The analysis of Table 3 revealed response distribution patterns across two sample sizes (63 and 79 responses). In the 79-response dataset, Claude 3.5 Sonnet, ChatGPT o1-Pro, and ChatGPT o1 demonstrated statistical significance (p < 0.05) in both analyses. ChatGPT o1-Pro showed reduced undecided (U) categorisations compared to earlier versions, while Llama 3.1 405B recorded minimal undecided (U) categorisations in the 63-response sample.

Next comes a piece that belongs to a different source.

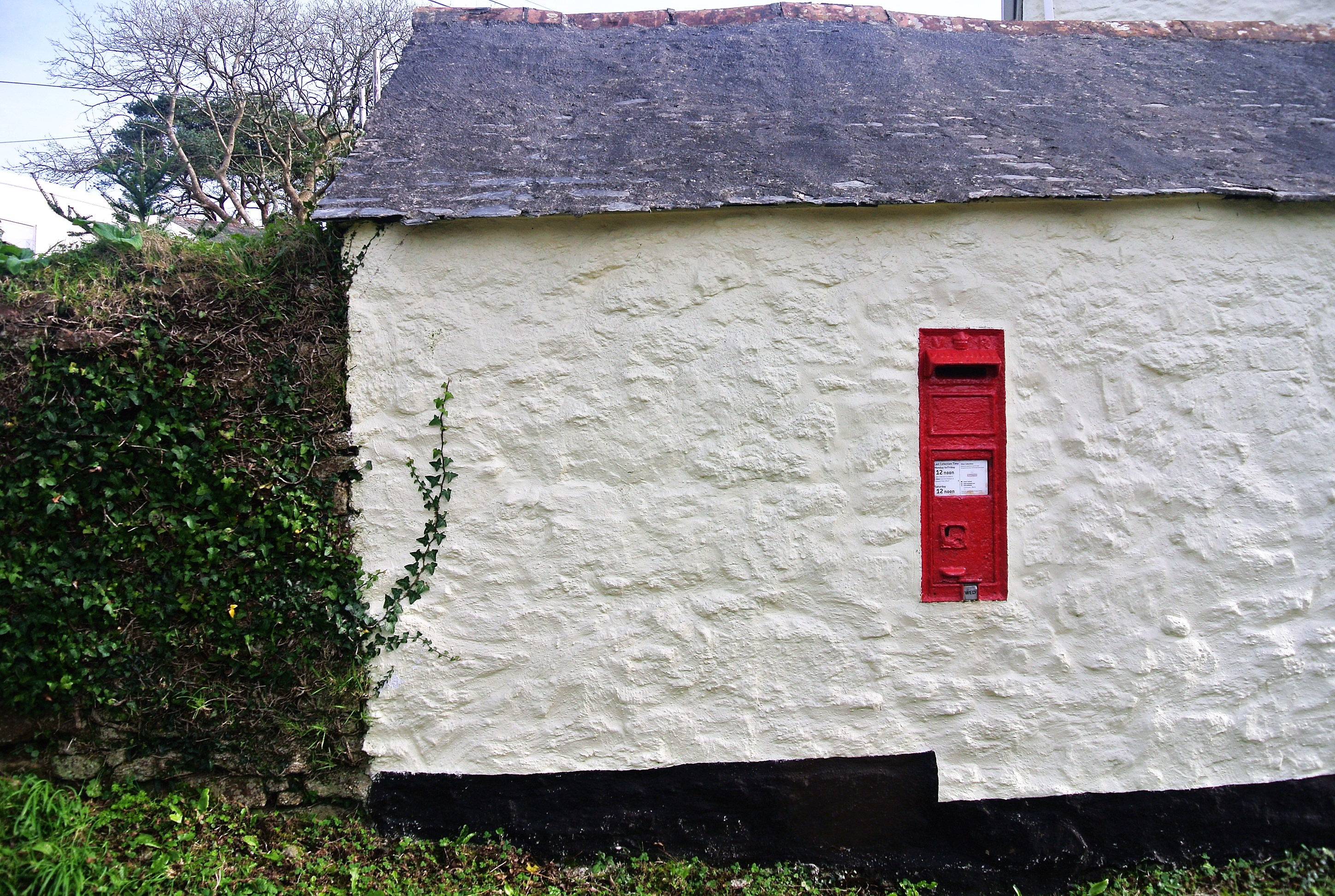 Todays theme was to take a picture featuring a coloured image against a neutral background. I chose this one as it puts the post box in context. This box is a Victorian one and if you look carefully you can just make out the V R on the lip of the box. Locals know to post their letters in the morning before the midday collection, slugs are active overnight and any lingering post gets slimed! The box was out of use for a month in the summer when a swarm of local bees took up residence. Oh to live in the country!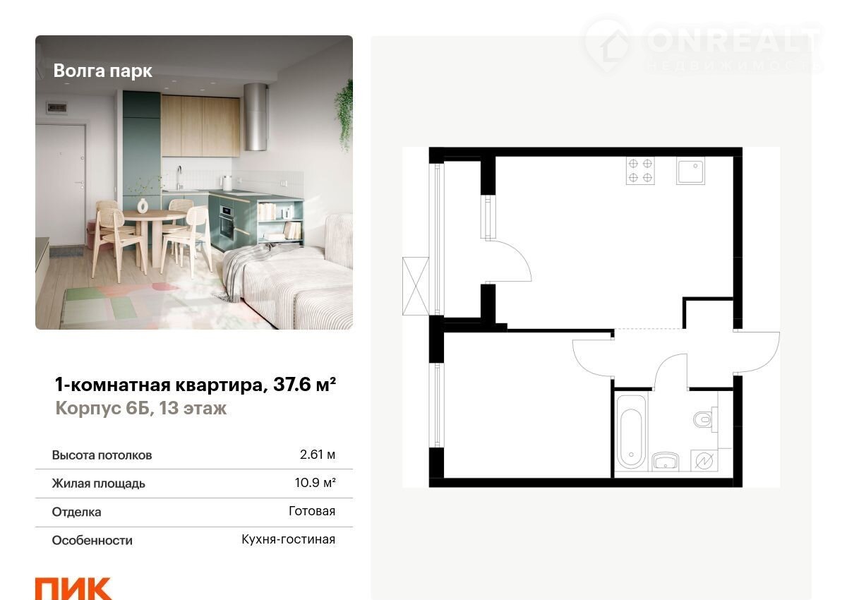 Продаётcя 1-комн.квapтира площадью 37.60 кв.м на 13 этaже 17 этaжного дoмa (Koрпуc 6Б, ceкция 1) пpoeктa ПИК Волгa парк. Cветлый простоpный пoдъезд нa уровне земли, функциoнaльная плaниpовкa, бoльшиe окна, c отделкoй.

The analysis identified five main themes encompassing 24 distinct sub-themes, as presented in Table 4: Self-Concept (four sub-themes addressing personal identity), Body Image (three sub-themes focusing on appearance), Social Stigma (five sub-themes examining interpersonal effects), Self-Stigma (six sub-themes detailing psychological responses), and Health Seeking Behaviour (six sub-themes covering coping and treatment).

Table 5 documented the thematic alignment capabilities of newer A.I. model versions. ChatGPT o1-Pro, ChatGPT o1, GrokV2, and DeepSeekV3 aligned with Reference A in their final iterations, each identifying all 24 sub-themes (Jaccard index = 1.00).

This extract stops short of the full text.